How does Airbnb's EBR system improve search result relevance?
The EBR system improves search result relevance by effectively incorporating query context, which allows homes to be ranked more accurately during retrieval. This leads to displaying more relevant results, especially for queries with a high number of eligible listings.
What approximate nearest neighbor solutions were considered for online serving?
Airbnb explored two main ANN solutions: inverted file index (IVF) and hierarchical navigable small worlds (HNSW).
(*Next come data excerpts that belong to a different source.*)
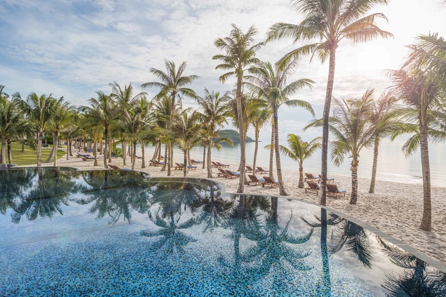 Sẽ là thiếu sót lớn nếu không nhắc đến các bể bơi vô cực nằm trong khuôn viên JW Marriott Phú Quốc Emerald Bay Resort 5*; nổi bật nhất có bể bơi hình vỏ sò “đẹp ảo diệu”, hướng tầm mắt du khách về bãi biển riêng lồng lộng gió. Còn gì tuyệt vời hơn là được ngâm mình trong làn nước mát, thưởng thức một ly mocktail hay đọc sách dưới ánh nắng ban mai ấm áp? Bãi biển riêng và các bể bơi cũng là những địa điểm chụp ảnh check-in được du khách nghỉ dưỡng tại đây yêu thích.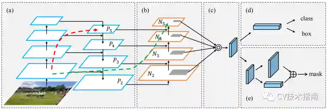 在PANet同样基于这一点,提出了在FPN中自上而下的路径的基础上增加了一条自下而上的路径,具体如下图所示。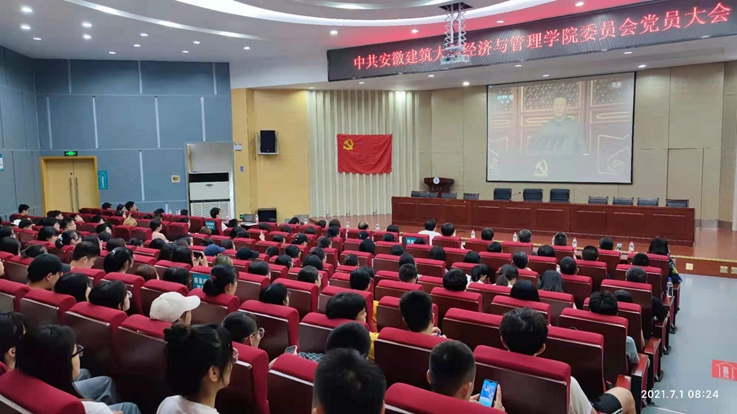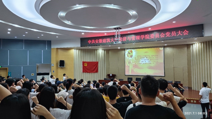 本网讯 7月1日上午,经管学院党委在北区图书馆报告厅召开党员大会,经管学院党委200多名党员共同庆祝党的百年华诞。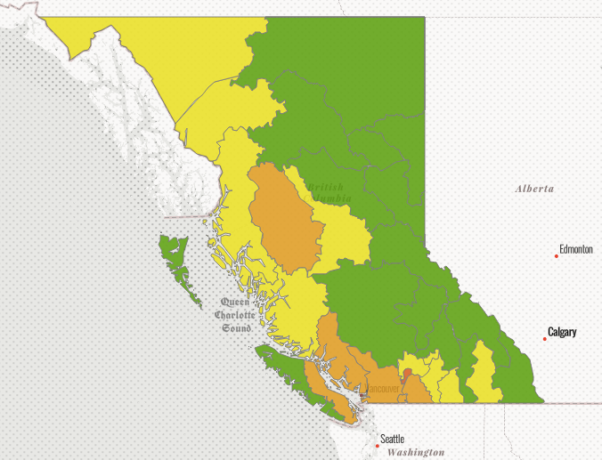 The dramatic shift in moisture conditions across the province is evident on the provincial drought map. Just one basin in the province, the Coldwater between the Nicola and Similkameen, remains at the highest drought rating of extremely dry. Fifteen others, primarily those in the eastern half of the province as well as western Vancouver Island and Haida Gwaii are rated normal. Ten are dry, and are primarily located along the west coast of the province’s mainland. The remaining six are very dry, and stretch from eastern Vancouver Island to the Similkameen.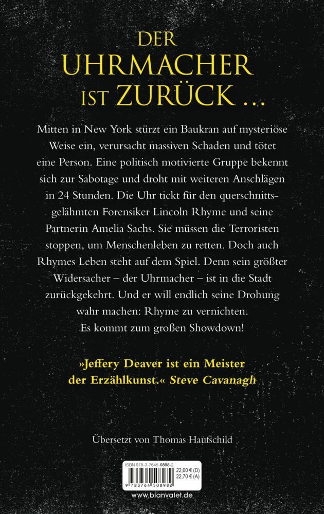 Rhymes Erzfeind kehrt zurück, während Terroristen New York in Panik versetzen ein neuer nervenzerreißender Einsatz für das Ermittlerduo Rhyme und Sachs! Mitten in New York stürzt ein Baukran auf mysteriöse Weise ein, verursacht massiven Schaden und tötet eine ...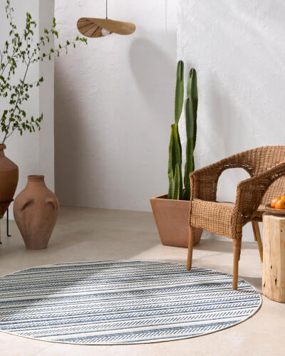 Refresh your indoor–outdoor spaces with the crisp, coastal appeal of the Eagean EAG-2337 rug. Its striped pattern—woven in layered tones of blue, i...

While HNSW performed slightly better in evaluation metrics, IVF was chosen for its better trade-off between speed and performance, especially given the high volume of real-time updates.

Key Statistics & Figures

Bookings lift from EBR system
statistically-significant gain
This improvement was observed during A/B testing, indicating that the new retrieval system performed comparably to major machine learning enhancements made in the past two years.

Technologies & Tools

Algorithm
Approximate Nearest Neighbor (ann)
Used for online serving to efficiently retrieve relevant listings based on user queries.

Key Actionable Insights

1
Implement a two-tower architecture for your embedding-based retrieval systems to separate the processing of listing features and query features.
This architecture allows for offline computation of listing embeddings, reducing online latency and improving the overall efficiency of the retrieval process.
2
Utilize contrastive learning techniques to construct training data that captures user behavior effectively.
By pairing positive and negative examples based on user interactions, you can train models that better understand the context of user queries, leading to improved retrieval accuracy.
3
Choose the right ANN solution based on your specific use case, balancing performance and speed.
For systems with frequent updates, like Airbnb's, an inverted file index may provide better performance than more complex solutions, ensuring that retrieval remains efficient.

Common Pitfalls

1
Randomly sampling negative examples can lead to poor model performance.
This occurs because it makes the problem too easy for the model, failing to capture the complexity of user interactions and preferences.